The Chandaria Centre is fully staffed and operated by Kenyans, including Asirwa, but Loehrer said the facility’s foundations rest firmly on Hoosier values -- literally. Michael Greven, a Columbus, Ind.-based contractor, oversaw construction of the building. Greven and his wife, Liz Nolan-Greven, own an environmentally friendly construction company known as EcoSource, and in August 2012, they, along with their son, Liam, relocated to Eldoret to devote themselves full-time to the construction of the Chandaria Centre.
Loehrer said the example set by the Greven family -- and the entire organization -- is something of which the best and brightest future oncologists will surely take note.
“It really epitomizes what people from Indiana are like,” he said. “We are relatively self-effacing people who are humble, but we want to make a difference. This is about making a difference for a large disadvantaged population on the other side of the world. Millennials are very interested in international work and global health, so what this does, it’s an attraction for people applying here for medical school and residencies. It is something that makes us stand out from many other universities.”

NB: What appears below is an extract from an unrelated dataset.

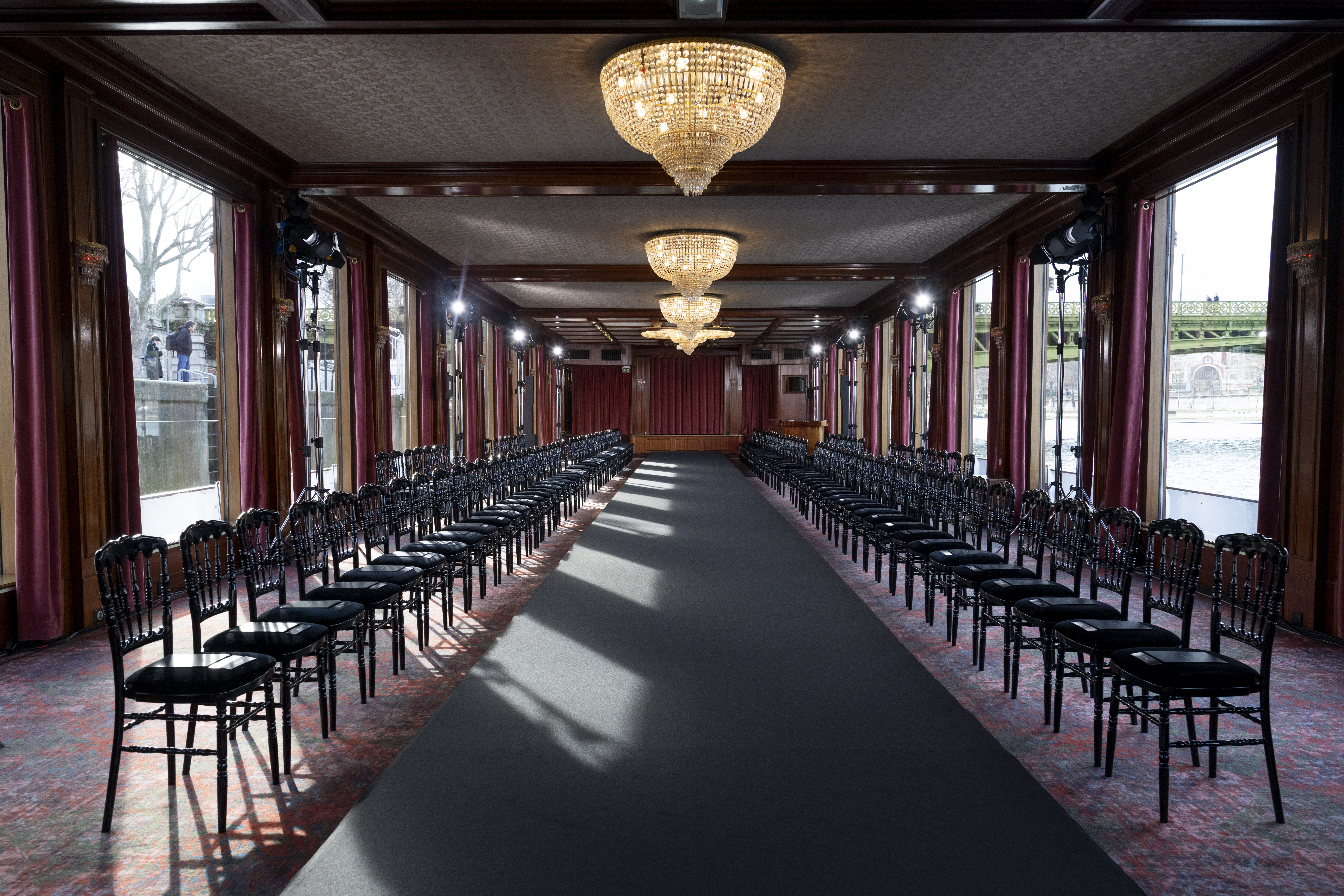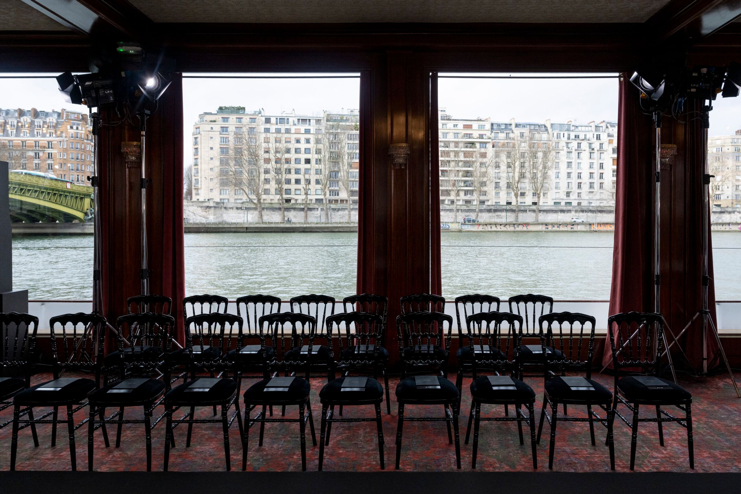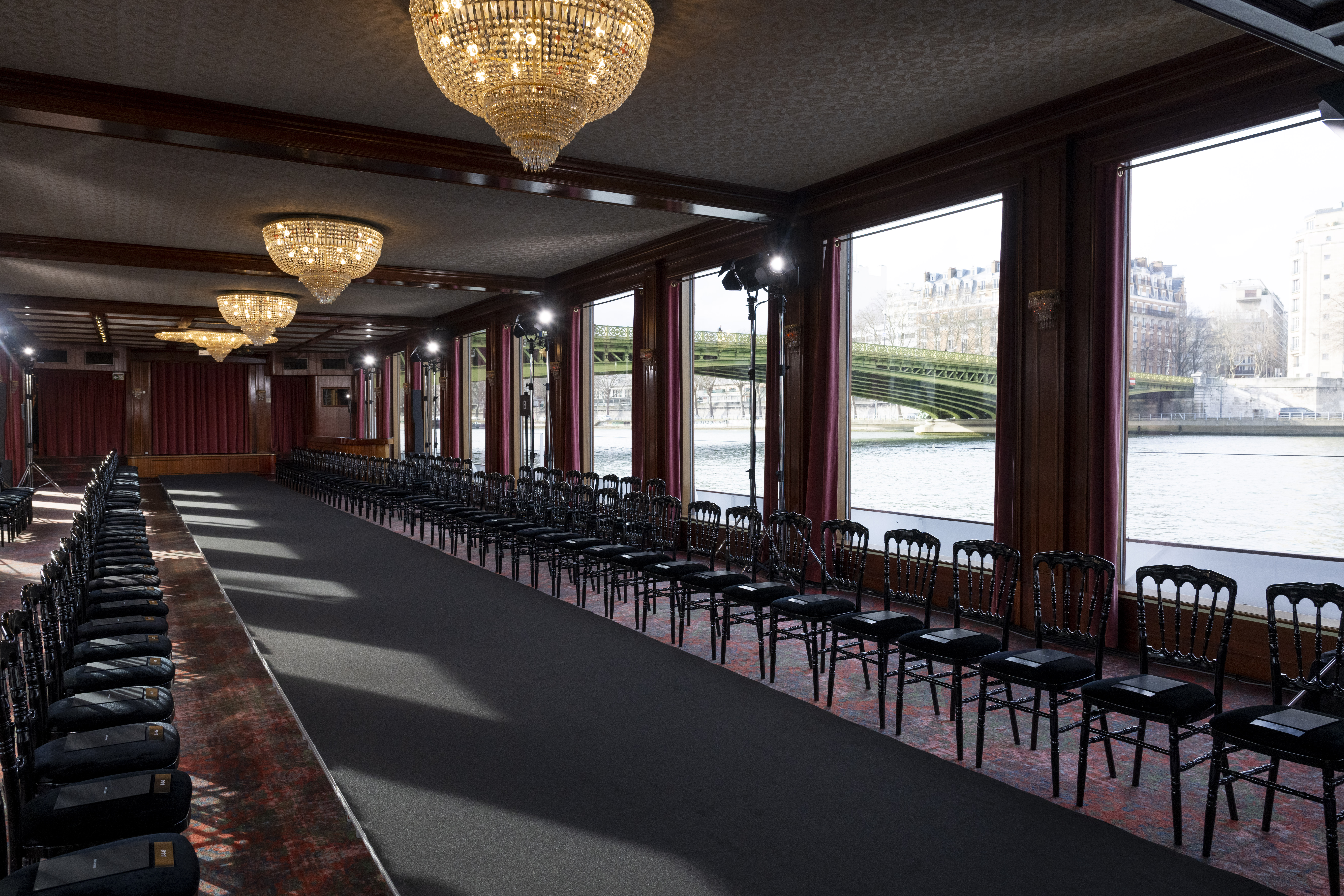 The debut runway show took place aboard the Peniche Le River Palace, transforming a unique venue into a poetic metaphor for movement, direction, and new beginnings.

The oncology institute is part of the consortium. Loehrer said the consortium -- whose efforts have been lauded by the National Cancer Institute as a sterling example of cancer care delivery in low-income countries -- is akin to an international space station for global health.
“We have investigators from a variety of different institutions ... all working together in one place,” Loehrer said. “Most global health initiatives are typically one investigator dealing with another investigator, so you have a partnership of two people, rather than the institutional commitment which has been seen here. In some cases, you might have an institutional commitment to one area, but the fact that you have multiple institutions working together to change a health care system for an entire population is something that’s unheard of.”
Echoing Einterz, Loehrer emphasized that the work the consortium has been doing in Kenya will also serve Americans, particularly Hoosiers. He said an IU-led grant, if funded, will examine how community health care workers can be enlisted to help with cancer screenings in low- and middle-income areas around Indianapolis. “This is a lesson learned from Kenya about how we might be able to get more people involved in promoting good health care behaviors over here.”
The Chandaria Centre is also destined to serve as an enduring physical manifestation of the program's mission, which is to lead with care. That means putting the focus on treating people, first and foremost, Loehrer said.
“When you go to Kenya, it’s a stark reminder of why we became physicians -- and that’s to help other people. Your soul gets rejuvenated. You get reminded about why you’re a doctor,” Loehrer said.
The project aligns with several priorities in the university's Bicentennial Strategic Plan, including improving the state and nation's health and global engagement.